The reality of it is that Caesar was brought up in a lab and there are a number of lab chimps that have escaped. There are also chimps and gorillas and orang-utans from zoos, and there are also chimps and orang-utans from the entertainment industry. So there’s a whole eclectic mix of different apes who have been brought up in that community. Their experiences growing up and the way the humans have treated them is hugely varied. So it’s very much about Caesar galvanising them and actually trying to impress upon them that conflict is not the way forward.

You’ve said motion capture is just another tool to manifest that final on-screen performance. Is there any way you can work with the developers of the technology?

I’ve embraced it as a technology because it’s such a liberating tool. I’ve been lucky enough to have the roles to do it with and embrace the roles to do it with. But also in recent times with the formation of The Imaginarium, I’m actually working with them closely on a day-to-day basis. We have a studio and we’re furthering the art of performance capture in film, video game, television and also in the live action arena, and we’re building the tools and software to support that. We’re still like a digital creature workshop in a sense that we work with other people on their film projects as well as evolving our own. We bring together directors and writers and put together an art performance space and help them evolve their digital characters using all of our techniques. We consult and we have an academy for teaching other actors and also people behind the computers to evolve and build bridges to the industry. So we are building our own set of tools to have this creature development workshop.

So is that in some way going to lead to an industry standard for this, or do people just do things in different ways?

There are different approaches and different systems and there’s different proprietary software and technology of course, but the UK I think has needed a creatively-led solution to this particularly with the greater influx of movies which are using this technology. As you know the British film industry is actually in a pretty healthy state at the moment. There’s no studio space to be found, it’s on a roll at the moment.

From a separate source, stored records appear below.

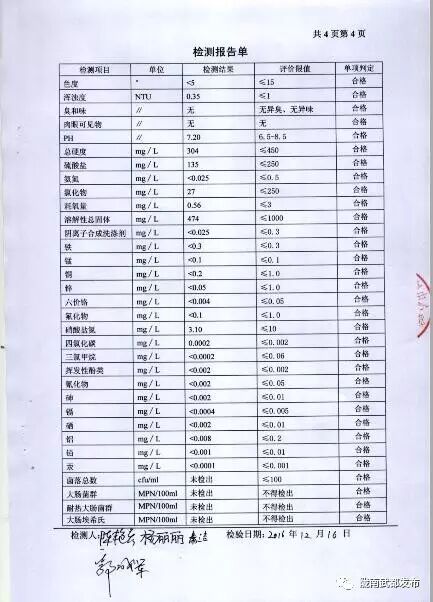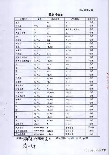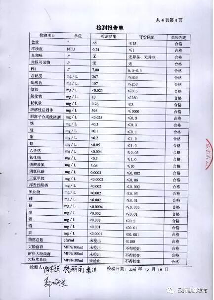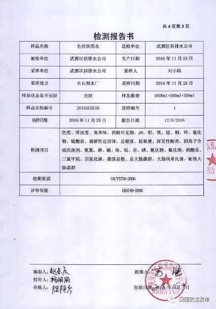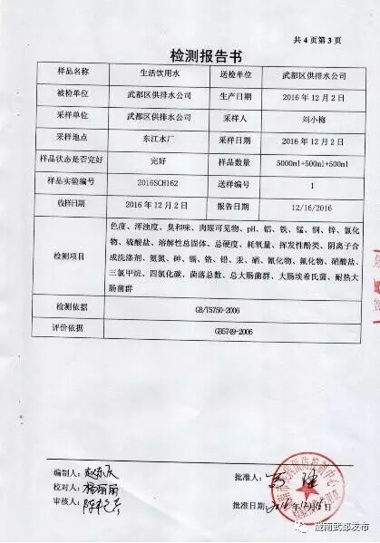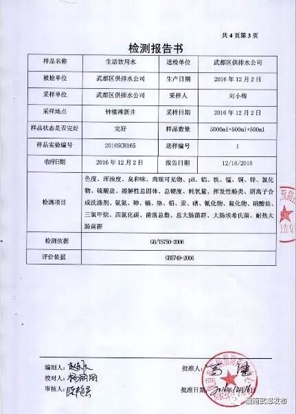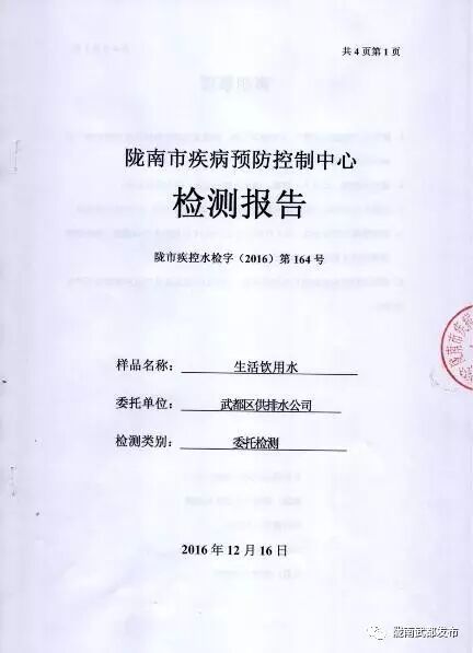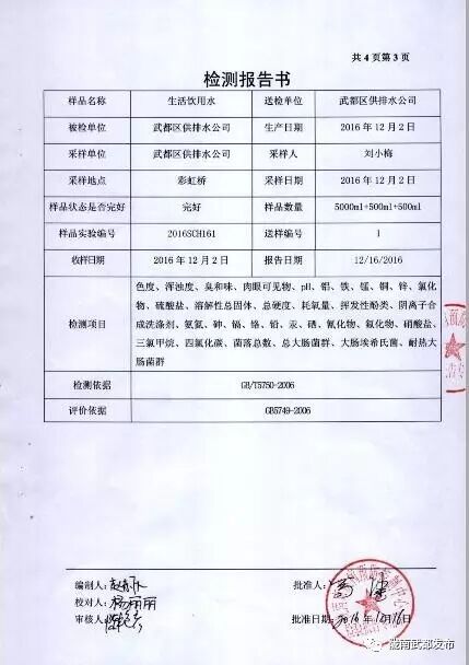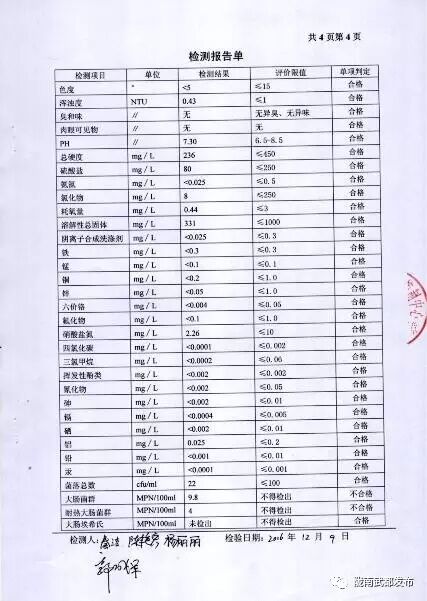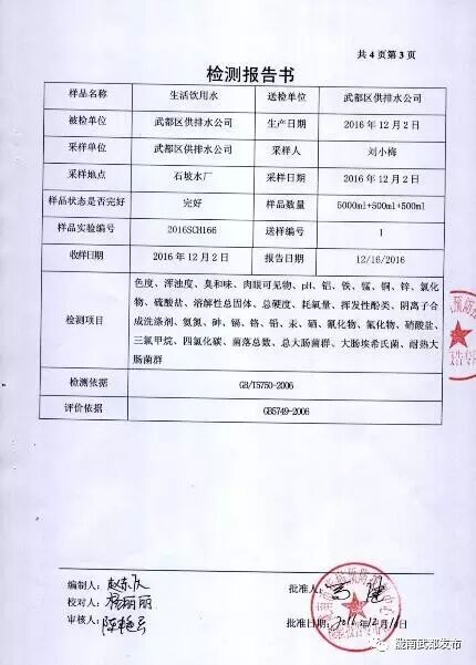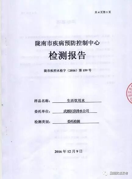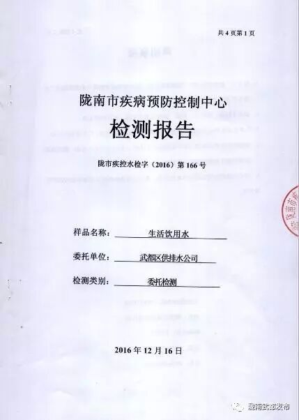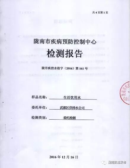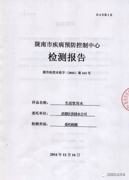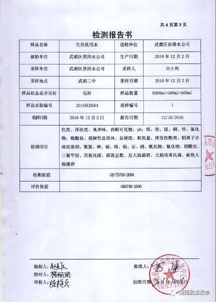 为了让市民对所饮用的市政自来水水质有所了解,使市民饮用到放心水,武都区自来水公司选定了7处地段,对市政自来水做了抽样化验,所抽检的样本化验结果全部符合GB5749—2006生活饮用水水质标准,现将抽验结果予以公布。
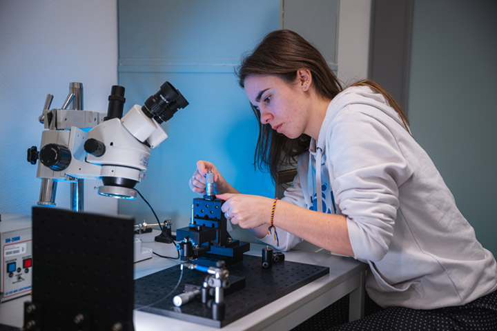 Už od prvního ročníku budete pracovat ve špičkových laboratořích a postupně zjistíte, která oblast vám sedí nejvíce. Inženýrská optika, fyzika a inženýrství povrchů a tenkých vrstev, nebo nanotechnologie? Na některý z těchto směrů můžete následně plynule navázat i v navazujícím magisterském studiu.
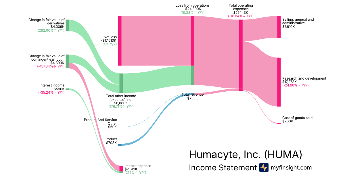 For the quarter ending 2025-09-30, HUMA made $753K in revenue. -$17,510K in net income. Net profit margin of -2325.37%.
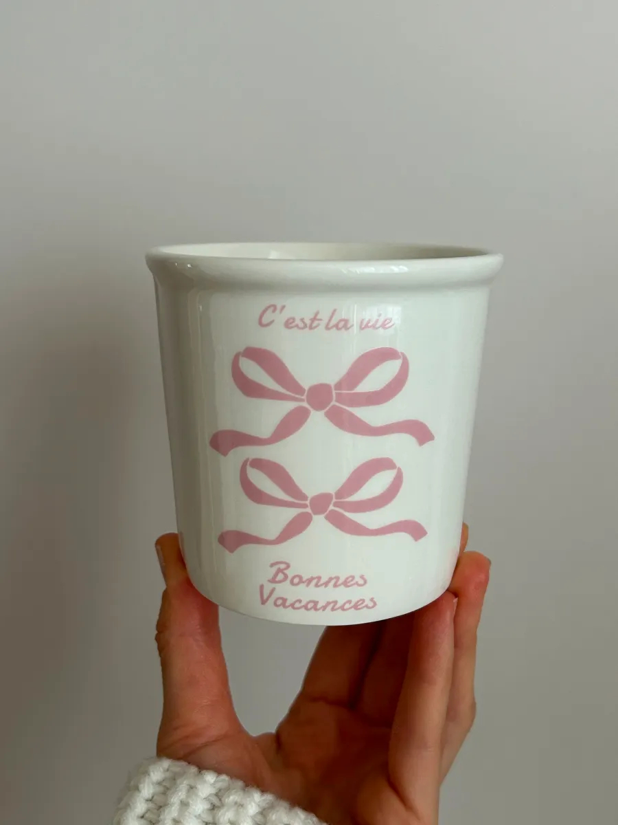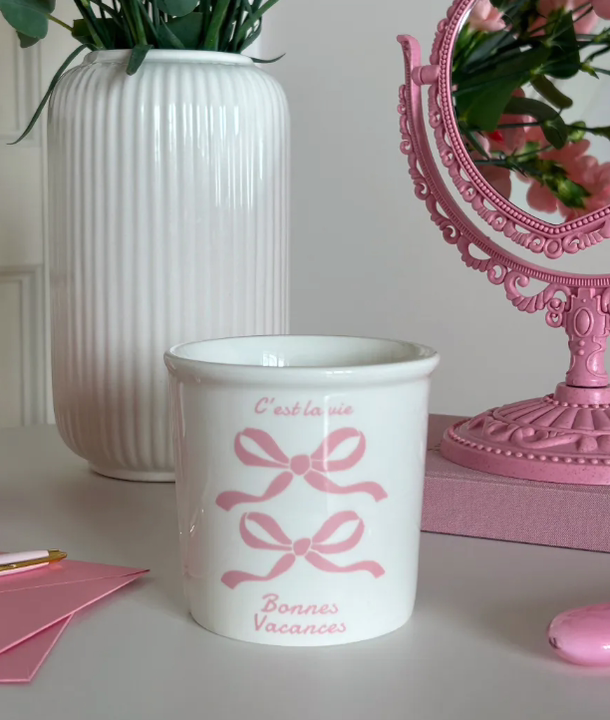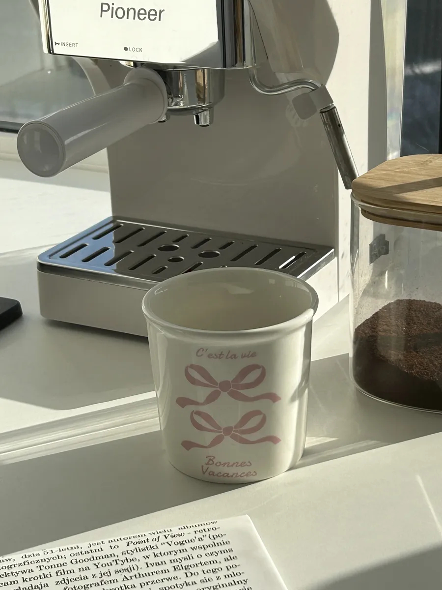 Стаканчик для кофе с розовыми бантиками станет не только украшением стола, но и подчеркнет Ваш вкус и подойдет для эстетичных фотографий.
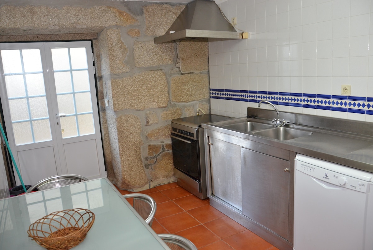 Koppla av i detta lugna och eleganta utrymme beläget i byn. Huset tillhörde min mormor Emilia som aldrig avstod från att använda en hårduk som klädesplagg, du hittar en i varje rum i huset. Renoveringen gjordes mestadels av oss och det var ett projekt som tog ungefär 4 år, det finns mycket passion i allt som gjordes... om du är nyfiken, se förvandlingen _emily_s_house Byn är mycket lugn, den har en flod med fantastiska landskap och stigar, vi väntar på dig...
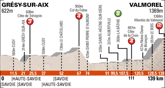 Côte de la Croix (487 Meter). Das Etappenfinale ist eine Bergankunft im 1.369 Meter hohen
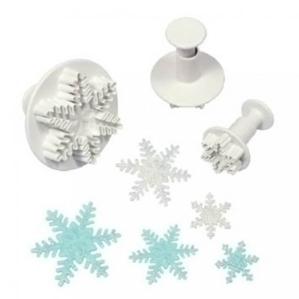 Σετ από 3 κουπάντ σφραγίδες από πλαστικό κατάλληλο για τρόφιμα, με θέμα Χιονονιφάδες, σε διαστάσεις Ø25mm - Ø40mm - Ø56mm.
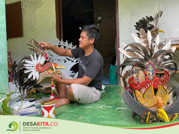 KREATIF: Hari Suciono, warga Desa Panglungan, Kecamatan Wonosalam saat membuat kreativitas kostum karnaval di rumahnya, kemarin (16/7).
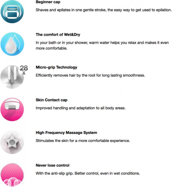 Micro-grip Technology : Efficiently removes hair by the root for long lasting smoothness .
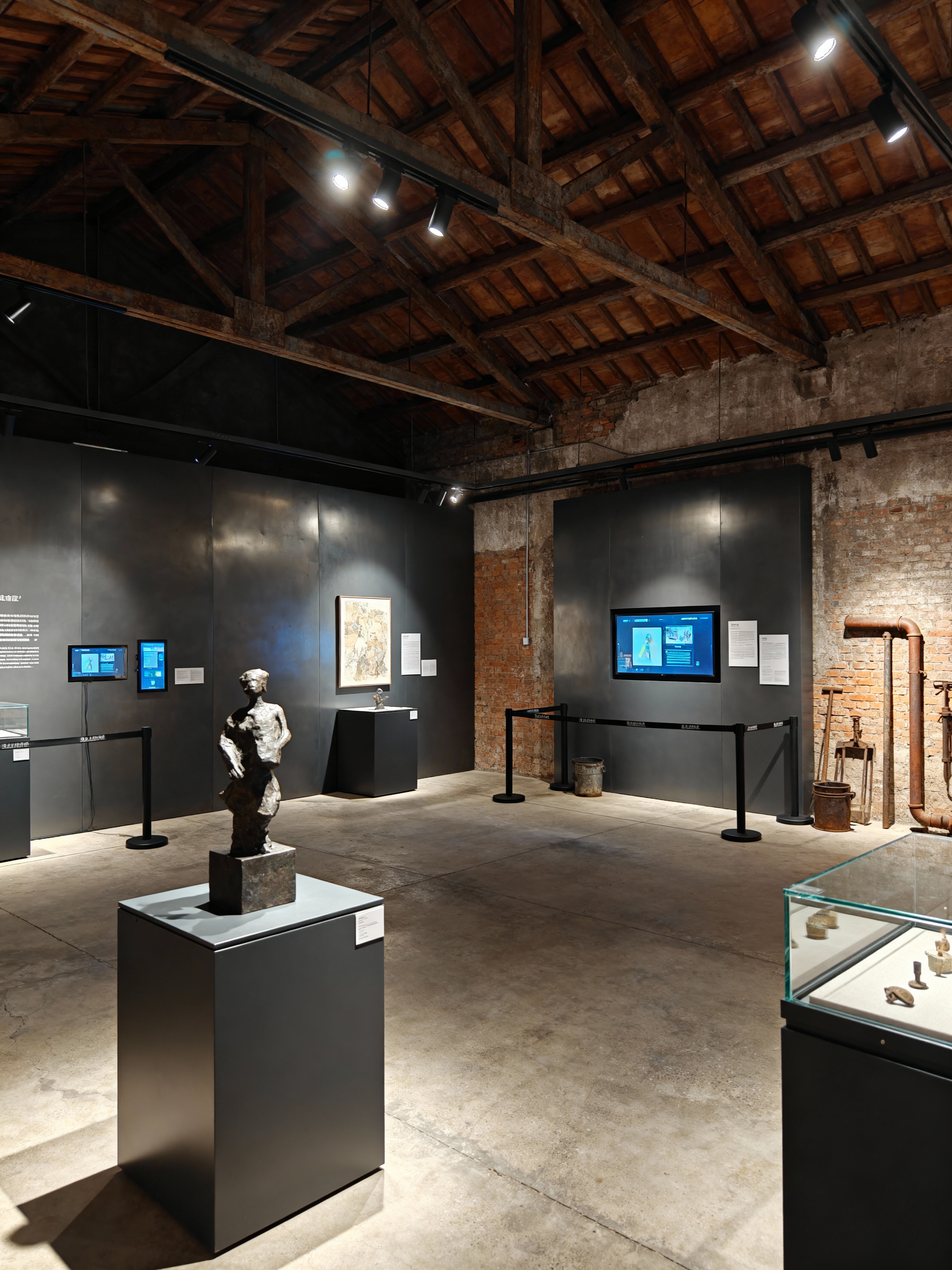 exhibition space with industrial style with pedestals and spotlights and sculptures and interactive displays and artwork and information plaques and barriers and display cases. . with exposed rafters and open floorplan and exposed brick and factory style and metal panels and neutral tones and raw aesthetic and utilitarian objects

You mentioned that the Imaginarium is helping to train other actors in motion capture. Did you yourself help out people like Toby and Kodi on this film?

The performance coach with this was Terry Notary who has worked on many movies – including The Hobbit – as a physical coach. I worked with Judy [Greer], coached her a little as an actor. Toby came and met us at the Imaginarium early on for his first audition so it was great to see him get the role and he’s turned in an amazing performance.

We heard that six actors could be on location motion captured at the same time. It looks incredible.

More than that actually. It really has moved on incredibly ever since I started using it 14 years ago. It’s taken the effect and given true performance to the effect. It’s moved from being an on-stage reference to actually authoring the performance. The technology has got to the point now where the fidelity is so strong to the on set performance. The performance can be used in different ways but the way that it’s used in this particular instance by a director like Matt Reeves…you won’t move on from shooting a scene until he’s gotten what he wants from his actors, and the animators and visual effects will just have to adhere to that. I’ve seen the technology evolve to enable that to happen.

And it was all shot on location?

Yeah, all shot on location. It was a huge task. It still felt like it was character-based and intimate and all about the acting and not worried too much about technology.

When it came to shooting on location, I’d imagine that because you’re wearing all this tech and big suits but it’s raining and damp all the time conditions aren’t most ideal for an actor, especially when you’re concentrating on how you’re moving rather than watching your footing if you’re climbing…  

That’s absolutely true. Particularly in the early part of the shoot and towards the end with the Winter in Vancouver, it was very wet. We had to stand high on top of trees and logs and all sorts of things, it was quite precarious. I had to do a fair few jumps and quite big leaps. You could have easily rolled an ankle or twist and break something, so you have to train to do these things. We also had an amazing, well-prepared team of performers who were all so skilled in gymnastics and stunts and parkour and were brilliant at all that.

You hear all these stories of when actors have to go through quite heavy makeup to prepare for a film. Is it the same for when you’re donning the suit? Are you having to be heavily towelled? [laughs]

You go through a process of preparation every day which is called a range of motion. You then go onto the tech guys and they put on all the wiring which is quite a considerable operation with the strands that they attach to your body. You then put on a head mounted camera and go in to a volume and do a basic exercise to calibrate your suit to the cameras, and then you do the same for your head mounted camera. So that is the equivalent of putting on makeup.

Are there any downsides to it, because you sort of alluded to their being quite a heavy smell [laughs], which never even occurred to me at the time…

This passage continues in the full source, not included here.